PMB – Trade and the TPP-11

Sunday, 9 September 2018

Mr PITT (Hinkler) (10:25): It’s my great pleasure to rise to speak on this PMB. As I know you know, Mr Speaker, there were people in this place who said that this couldn’t be done; that the TPP-11 was dead, couldn’t be recovered and couldn’t be delivered. Well, here it is. The Coalition Government is again delivering on trade. We have already signed agreements with China, Japan, South Korea and Peru. We are in negotiations for the RCEP, the Regional Comprehensive Economic Partnership, with Indonesia, and we have signed the TPP-11 when those on the opposite side of the chamber said that it could not be done; that we should walk away from something which has a $13.8 trillion GDP. There are arrangements for which people in Queensland and New South Wales have sales into those regions and countries: in Queensland, $6.3 billion for coal; for the meat of bovine animals, fresh, chilled and frozen, $1½ billion; unwrought aluminium; and in New South Wales, coal, once again, at $8.4 billion. It is no surprise to me that resources and agriculture are two of the biggest exports from those two big states on the east coast, which will get a great benefit from the TPP-11.

For the people in my electorate, it is very straightforward. One in five jobs in this country rely on trade. For Australia, trade means jobs. More trade means more jobs, and that is what we are about as a coalition government. We have delivered over a million jobs in the last five years, as we said we would. The focus for me as a local member is to ensure that those jobs are in my electorate, where, unfortunately, we find ourselves in a very difficult position, with one of the highest unemployment rates in the country. For my people, my businesses and my exporters, this agreement means more jobs for us.

What will the opposition say? Unfortunately, the Leader of the Opposition, Mr Shorten, wanted to take the approach of Monty Python—I’m sure you would be aware of that, Mr Speaker; you are probably of the right ilk for Monty Python!—but not the approach of the Black Knight, where he will fight to a standstill for the Australian people, Australian trade and Australian jobs, but the other approach, which is to run away, retreat, say it’s too hard and not deliver. I say to those on the opposite side: this is a good deal, which should be ratified by the Australian parliament. The Leader of the Opposition should go back and apologise for what he said to the Australian people about this arrangement. Quite simply, this is about trade and jobs, and jobs for our regions.

As I’ve said, in my local area, this is about a stronger regional economy. This is about more local jobs. We are continuing to build our local regional economy by multi-streaming it, with support from the Coalition Government. Under the Regional Jobs and Investment Package, we put $9.65 million into five projects in the Hinkler electorate, which resulted in over $31 million worth of construction. Why is that important, and what is the arrangement in terms of the TPP-11? Well, it’s quite straightforward. Macadamias Australia received $4.68 million to extend its operations. This is an organisation that exports 100 per cent of their product locally, which is macadamias. The Member for Cowper and the Member for Page may disagree, but the Australian macadamia association does not: the biggest producer of macadamias in Australia is now in my electorate, around the town of Bundaberg. That means more jobs through processing and more jobs in the local region, at its factory on Goodwood Road.

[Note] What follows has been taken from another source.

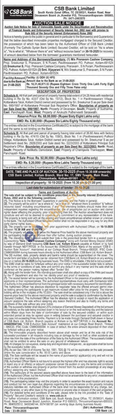 Schedule A: All that part and parcel of property having total extent of 24.28 Anes with residential building in Re Sy No. 433/7 (Old Sy No. 157/2). Block No. 1 in Pavithreswaram Village, Kottarakara Taluk, Kollam District owned and possessed by Sri. Sreekumar S as por Sale deed No. 990/1997 of Kottarakara Principal Sub Registrar's Office Boundaries of property as per Sale Deed No: 990/1997; North: Property of Devarajan, South: Property of Sudharma. East: Panchayath Road, West: Property of Airukuzhi Puthenveetil Saraswath
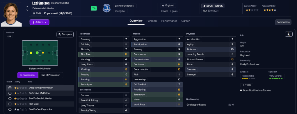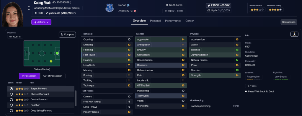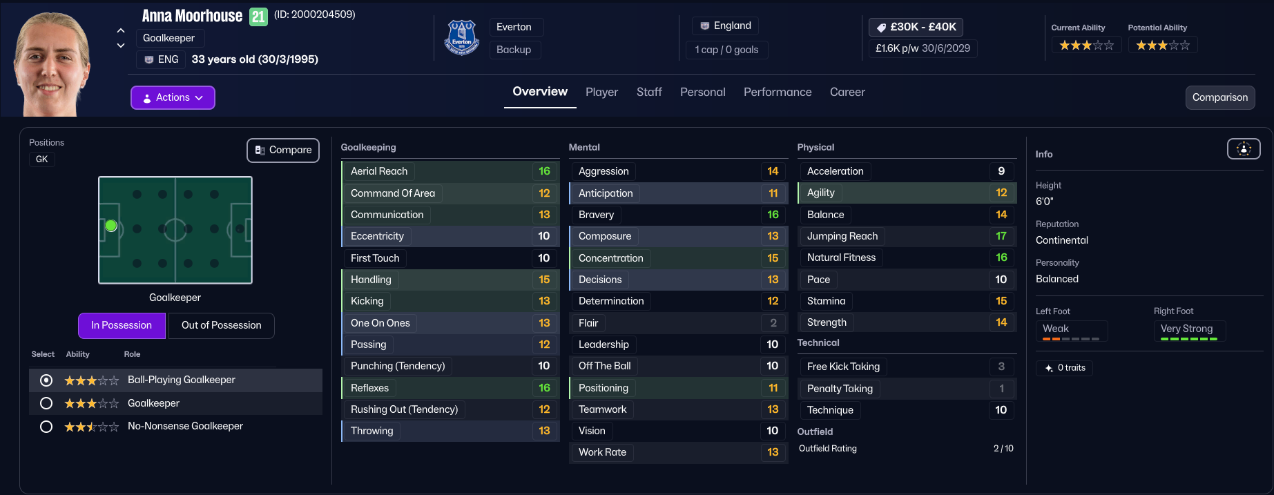 Everton currently play in the Barclays Women’s Super League, but is currently 14th and bottom with just 4 points from 12 games. That’s thanks to a steady decline, having finished 7th in the first season, then 9th and 10th, which ended manager Brian Sorensen’s six-year reign. Despite that, the club represents a massive step up for Holm, with £1.2m in the bank, a transfer budget of £325k and £2.5k spare in the £50k weekly wage budget. The club also has excellent training facilities and superb youth facilities, but lacks a little in youth recruitment and junior coaching.

We have the local business of Austchilli, which received $1½ million to extend their packaging operations. This is an organisation which exports right around the world chilli products, herbs and a lot of other processed bits and pieces. They’re pretty well known. They’ve shown up on MasterChef and other things around Australian domestic television. I think it’s really important that we continue to support them because they employ local people. They are not shifting their jobs offshore; they are not shifting their jobs away; they’re doing it here and we need to support them through better trade arrangements. Every time we reduce a tariff on an Australian product in an overseas country they become more competitive because the forward-facing price is cheaper. That is what we are about: we are about delivering more trade for more jobs for our regions.

Costa Avocados received $495,000. One of our largest exports around the world is avocados because they are a first-class product. Once again, in their processing facility near Childers, a small town in my electorate, they employ local people. This is what it’s about. The more we can deliver in terms of trade, the better the opportunities for the Australian nation and the more chances for our businesses to employ more people because they have more confidence and a stronger bottom line. So the Coalition Government will continue to deliver on trade agreements, we will continue to deliver on jobs and we will continue to deliver on stronger regional economies and local jobs for our people.